ACLU Showdown Centers On NSA Program That Panel Member Says Stopped No Terror Attacks
Politics2 min read

NSA campus

AP Photo/Patrick Semansky

The ACLU announced Thursday it would appeal a ruling that deemed the bulk collection of telephone records constitutional, setting up a likely Supreme Court showdown.

While the case will likely center on whether the collection of data on American citizens violates the fourth amendment, it's interesting to note what has been said of the efficacy of the program.

On Dec. 20, a member of the five person White House review panel on NSA surveillance was "absolutely" surprised the bulk collection of telephone records by the NSA had not thwarted a single terrorist attack, Michael Isikoff of NBC News reports.

"It was, 'Huh, hello? What are we doing here?'" Geoffrey Stone, a University of Chicago law professor, told Isikoff. "The results were very thin."

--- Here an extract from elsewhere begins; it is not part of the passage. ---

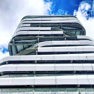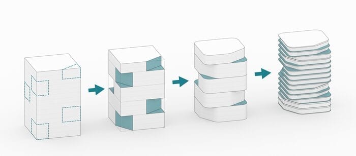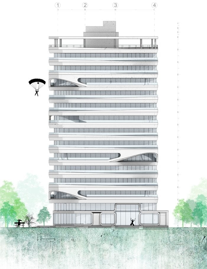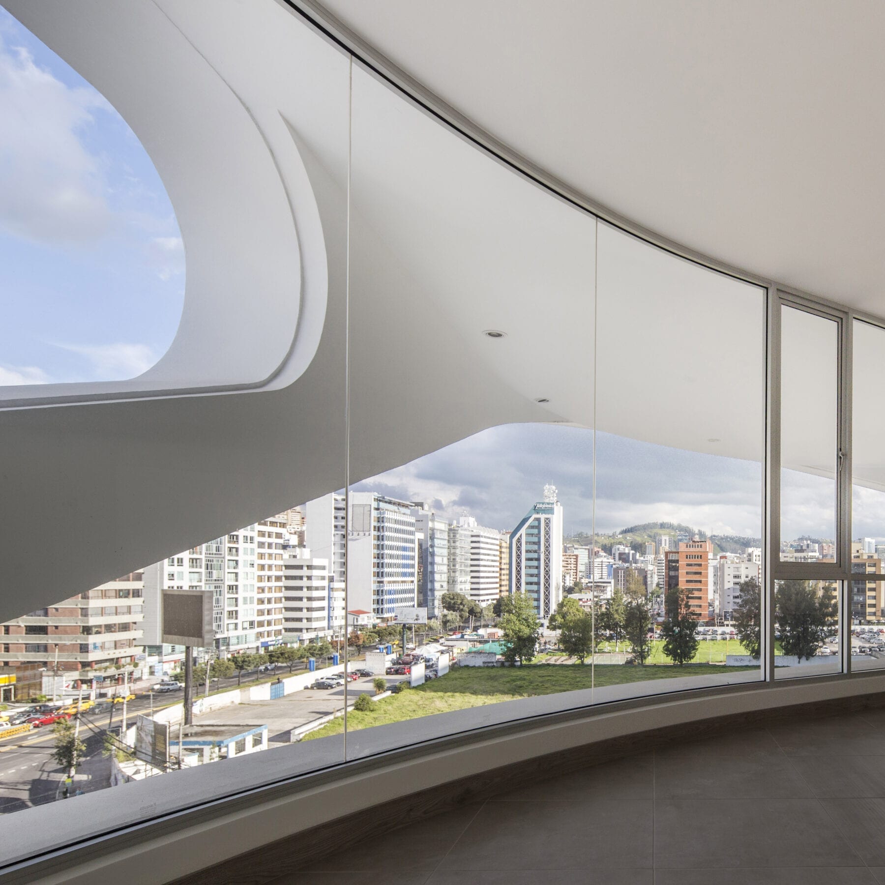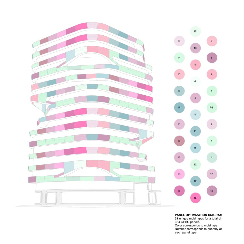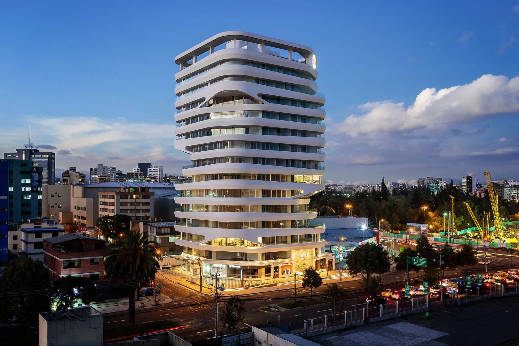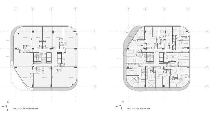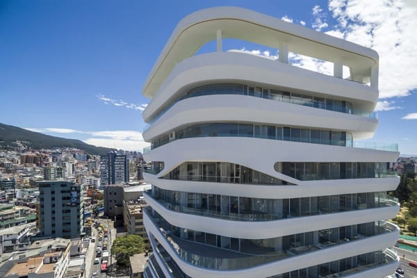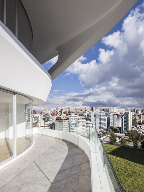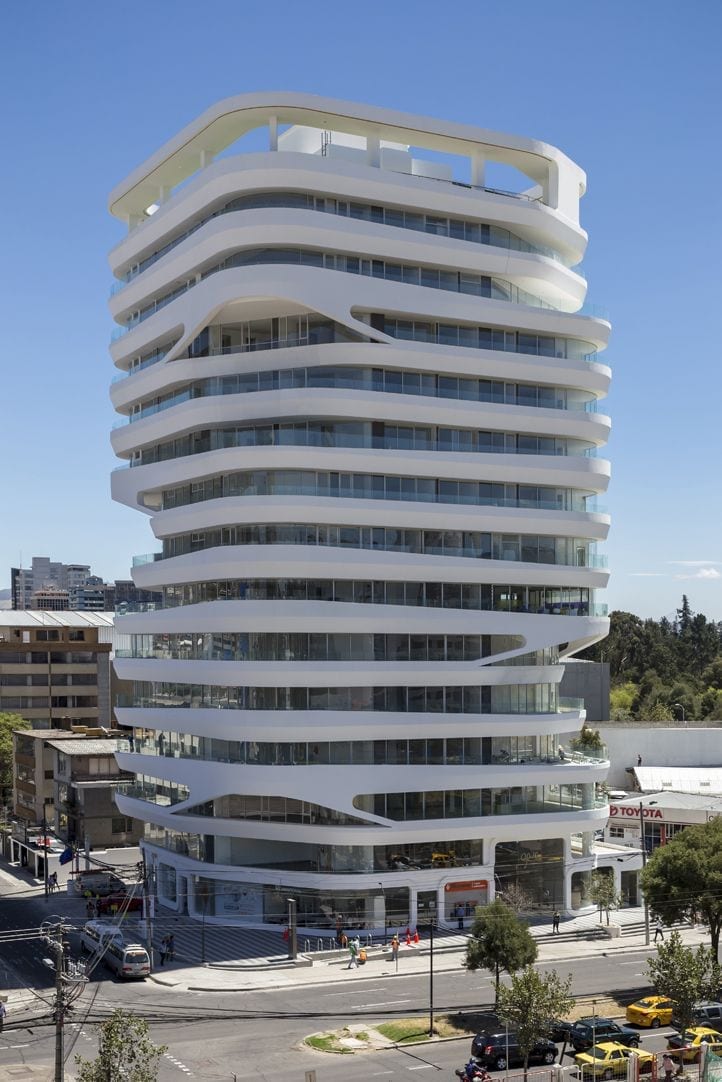 The project manages to activate these exterior areas (originally dead spaces) through different programs. The design and construction process of the building uses a system of repeatable patterns to reduce the total amount of molds used in the creation of the distinctive white facade. The façade uses a material process known as GFRC (reinforced concrete fiberglass), which is sprayed directly on the surface of the mold. The building consisting of a total of 15,000 m2 of multiple use space is crowned by a large roof garden, which is visually connected to the Andes. Together, the fifteen-story tower combines commercial opportunities on the ground floor, offices on the next four levels and residential units on the upper floor.
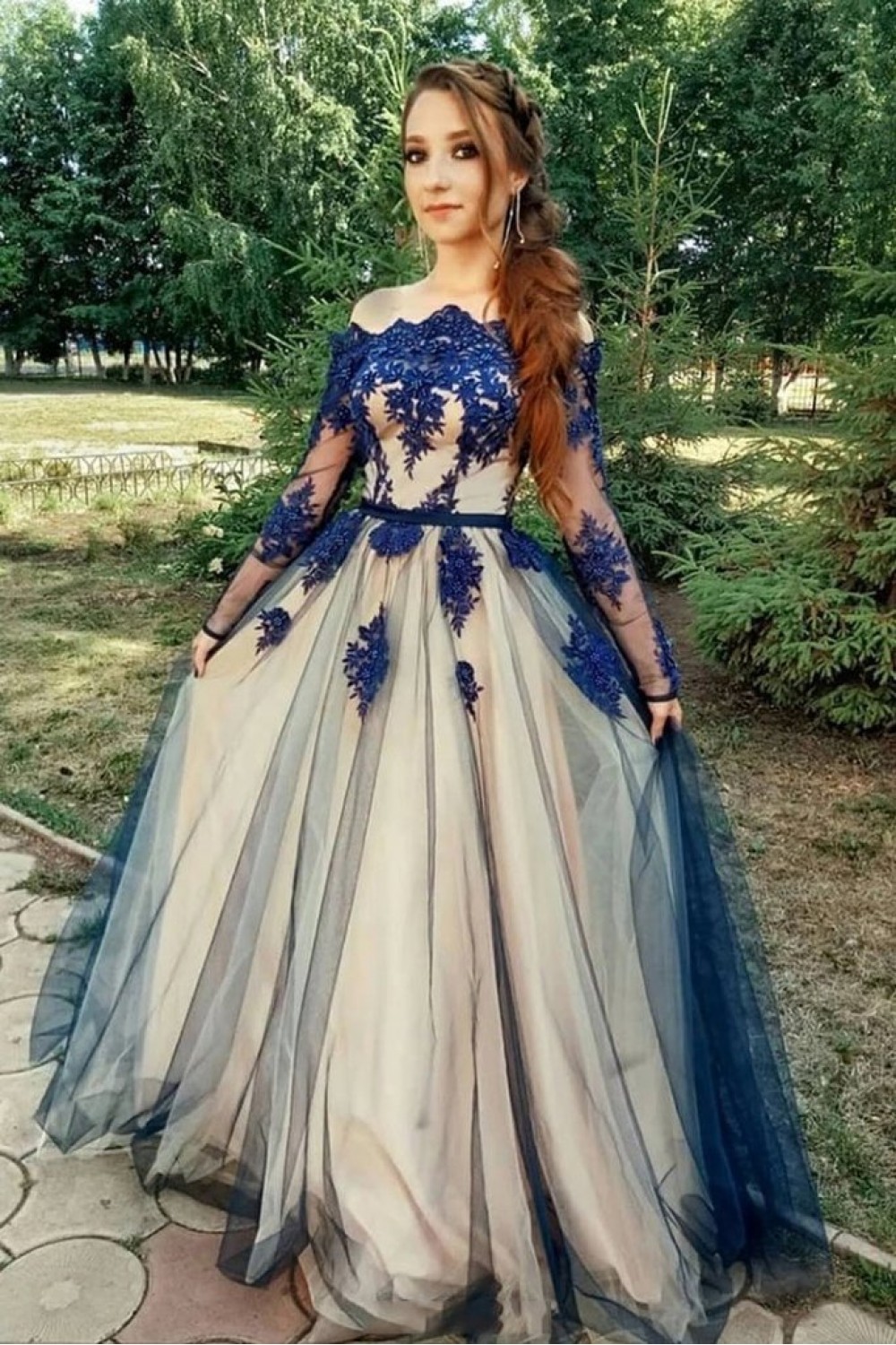 A-Line Off-the-Shoulder Long Sleeves Lace Appliques Long Prom Dress Formal Evening Dresses 601447

That flies in the face of much of what has been said of the secretive National Security Agency telephone metadata program - which collects up phone numbers, location data, and call times - allowing an analyst to predict everything from where you could be tomorrow to your race and age.

The program - almost certain to head to the highest court as it was found unconstitutional by one judge and constitutional by another - has been staunchly defended by the NSA and its allies, who often mention the 9/11 attacks in their talking points.

"I much prefer to be here today explaining these programs, than explaining another 9/11 event that were were not able to prevent," reads one of the official NSA talking points.

From NBC:

While Stone said the mass collection of telephone call records was a "logical program" from the NSA's perspective, one question the White House panel was seeking to answer was whether it had actually stopped "any [terror attacks] that might have been really big."

"We found none," said Stone.

Those remarks directly contradict the NSA and its defenders, which claim understanding and/or "disruption" of over 50 potential terrorist plots since 9/11. President Obama echoed that point in June, telling reporters that "lives have been saved. We know of at least 50 threats that have been averted because of this information."

The report noted that "there has been no instance in which NSA could say with confidence that the outcome [of a terror investigation] would have been any different" without the telephone records collection program.

Stone, one of five members of the panel which produced the 304-page report in December, was the only without experience in the intelligence community.

Not all members agree with his view of course. Panel member and former CIA executive Michael Morell defended the bulk collection and hoped for its expansion in the Washington Post on Dec. 27, writing, "Had the program been in place more than a decade ago, it would likely have prevented 9/11. And it has the potential to prevent the next 9/11."